Такое предприятие было нелегким, поскольку надо было скрыть всю его мерзость от глаз тех, кто должен был принять в нем участие. Надо было обмануть порядочных людей; надо было отстранить от меня всех, не оставив мне ни одного друга – ни малого, ни великого. Да что я говорю! Надо было устроить так, чтобы ни одного слова правды не дошло до меня. Если бы хоть один великодушный человек пришел и сказал мне: «Вы разыгрываете добродетельного, а между тем вот что говорят про вас и вот на основании чего о вас судят. Что вы на это скажете?», правда восторжествовала бы, и Гримм был бы уничтожен. Он это знал; но он изучил самого себя и мерил людей по своей мерке. Мне обидно за честь человечества, что расчет его был так верен. Он вел свой подкоп во мраке и поневоле должен был продвигаться к своей цели медленно. Вот уж двенадцать лет, как он следует своему замыслу, а самое трудное еще не сделано: надо еще обмануть все общество. Еще есть глаза, следящие за ним пристальней, чем он думает. Он этого опасается
49
С тех пор как это было написано, он совершил этот шаг с самым полным и непостижимым успехом. Мне кажется, это Троншен сообщил ему необходимое мужество и средства. (Прим. Руссо.)

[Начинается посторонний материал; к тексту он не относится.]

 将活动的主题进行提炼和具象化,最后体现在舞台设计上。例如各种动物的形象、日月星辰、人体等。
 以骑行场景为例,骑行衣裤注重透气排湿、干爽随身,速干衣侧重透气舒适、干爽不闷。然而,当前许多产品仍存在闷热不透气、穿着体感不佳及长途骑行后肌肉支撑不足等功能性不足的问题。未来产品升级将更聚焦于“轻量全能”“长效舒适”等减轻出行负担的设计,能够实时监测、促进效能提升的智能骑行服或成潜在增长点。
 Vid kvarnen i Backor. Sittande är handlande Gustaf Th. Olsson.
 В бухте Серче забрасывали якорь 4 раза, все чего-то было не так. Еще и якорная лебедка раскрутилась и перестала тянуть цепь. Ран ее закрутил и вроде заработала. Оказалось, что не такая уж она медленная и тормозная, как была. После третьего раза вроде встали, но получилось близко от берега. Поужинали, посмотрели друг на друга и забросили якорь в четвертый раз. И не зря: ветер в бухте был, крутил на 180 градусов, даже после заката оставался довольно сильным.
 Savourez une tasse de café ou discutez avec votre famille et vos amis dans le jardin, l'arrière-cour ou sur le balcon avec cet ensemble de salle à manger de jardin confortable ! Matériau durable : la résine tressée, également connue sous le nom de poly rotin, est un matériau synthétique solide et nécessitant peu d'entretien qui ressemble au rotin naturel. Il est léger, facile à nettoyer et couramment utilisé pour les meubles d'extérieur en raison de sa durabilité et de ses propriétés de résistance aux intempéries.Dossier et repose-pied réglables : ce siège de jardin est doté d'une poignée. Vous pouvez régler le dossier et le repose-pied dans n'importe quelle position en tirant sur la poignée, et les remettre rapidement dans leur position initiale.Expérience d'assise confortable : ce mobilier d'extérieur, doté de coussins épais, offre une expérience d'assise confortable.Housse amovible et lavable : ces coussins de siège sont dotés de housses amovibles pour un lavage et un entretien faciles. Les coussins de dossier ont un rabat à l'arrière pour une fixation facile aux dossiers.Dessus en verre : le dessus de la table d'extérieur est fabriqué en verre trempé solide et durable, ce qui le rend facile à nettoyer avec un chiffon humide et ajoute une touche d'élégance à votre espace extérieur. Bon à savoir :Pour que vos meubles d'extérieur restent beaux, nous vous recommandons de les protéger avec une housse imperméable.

Я уловил первые последствия этой системы по глухим обвинениям со стороны гольбаховской клики, хотя и не мог ни понять, ни даже догадаться, в чем эти обвинения заключаются. Делейр сообщал мне в своих письмах, что мне приписывают какие-то злодейства; то же самое, но более таинственно, говорил мне Дидро. Но когда я вступал с тем и другим в объяснения, все сводилось к вышеперечисленным пунктам. Я чувствовал постепенное охлаждение в письмах г-жи д’Удето. Я не мог приписывать это Сен-Ламберу, – он продолжал мне писать все так же дружески и даже навестил меня после своего возвращения. Не мог я приписать причину этого и себе, потому что мы расстались с нею очень дружелюбно. И с того времени только мой отъезд из Эрмитажа мог быть ей неприятен, но она сама поняла его необходимость. И вот, не зная, чему приписать это охлаждение, в котором она не признавалась, но которое было слишком заметно моему сердцу, я стал опасаться всего. Я знал, что она очень считается со своей невесткой и Гриммом, из-за их отношений с Сен-Ламбером; я боялся их интриг. Из-за этих волнений опять открылись мои раны, и мои письма стали такими бурными, что она прекратила со мной переписку.

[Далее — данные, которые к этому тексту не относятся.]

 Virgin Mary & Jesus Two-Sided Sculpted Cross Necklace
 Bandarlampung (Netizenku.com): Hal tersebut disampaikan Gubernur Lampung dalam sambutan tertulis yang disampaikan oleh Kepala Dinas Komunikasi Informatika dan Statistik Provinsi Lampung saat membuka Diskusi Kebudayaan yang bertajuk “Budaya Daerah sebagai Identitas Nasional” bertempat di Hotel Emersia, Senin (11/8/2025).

Мне мерещились тысячи ужасов, но что происходило в действительности, я не мог разобрать отчетливо. Такое положение невыносимо для человека с воображением, легко воспламеняющимся. Если бы я жил в совершенном уединении, если б не знал ничего, я был бы спокойнее; но сердце мое еще хранило привязанности, дававшие моим врагам тысячу преимуществ передо мною, и пробивавшиеся в мое убежище слабые лучи позволяли мне лучше различать глубину скрываемых от меня тайн.

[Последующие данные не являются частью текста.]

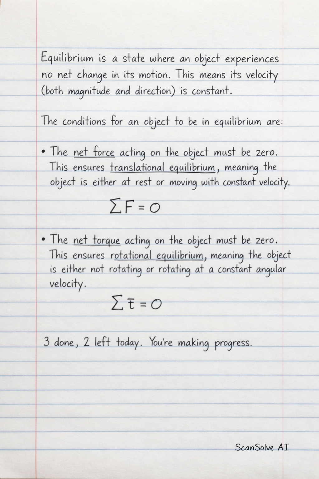 The conditions for an object to be in equilibrium are: • The net force acting on the object must be zero. This ensures translational equilibrium, meaning the object is either at rest or moving with constant velocity. • The net torque acting on the object must be zero. This ensures rotational equilibrium, meaning the object is either not rotating or rotating at a constant angular velocity.
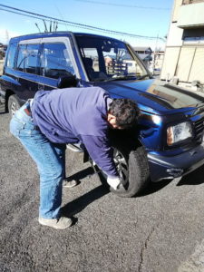 4日風の吹く中、新月サンがタイヤ交換してくれました。
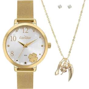 Kit Relógio Dourado Feminino Condor COPC21JJH/K4K

Я, несомненно, изнемог бы от этой муки, слишком жестокой, слишком невыносимой для моего открытого и прямого характера, ибо я не умею скрывать свои чувства и страшусь тех, которые скрыты от меня; но, по счастью, представилось нечто интересное для моего сердца, отвлекшее меня от того, чем я был поглощен против воли, и это подействовало на меня благотворно. Навестив меня последний раз в Эрмитаже, Дидро говорил мне о статье «Женева», которую д’Аламбер написал для «Энциклопедии»;{368} он сообщил мне, что эта статья, согласованная с некоторыми женевцами из высшего круга, имела целью учреждение в Женеве театра, что меры приняты и театр не замедлит открыться. Так как Дидро, по-видимому, находил, что это очень хорошо, и не сомневался в успехе, и так как у меня с ним было слишком много других спорных вопросов, помимо этой статьи, я ничего не сказал ему; но, возмущенный всей этой затеей, имеющей целью занести соблазн на мою родину, я с нетерпением ждал тома «Энциклопедии» с этой статьей, чтобы решить, не будет ли возможности выступить с каким-нибудь возраженьем, которое отразило бы жестокий удар. Я получил этот том после того, как поселился в Мон-Луи, и нашел, что статья написана очень ловко, искусно и достойна ее автора. Это, однако, не заставило меня отказаться от намерения ответить на нее. Несмотря на угнетенное состояние, несмотря на свои жестокие огорченья, на суровое время года и неудобства моего нового жилища, где я еще не успел устроиться, я принялся за работу с усердием, все преодолевшим.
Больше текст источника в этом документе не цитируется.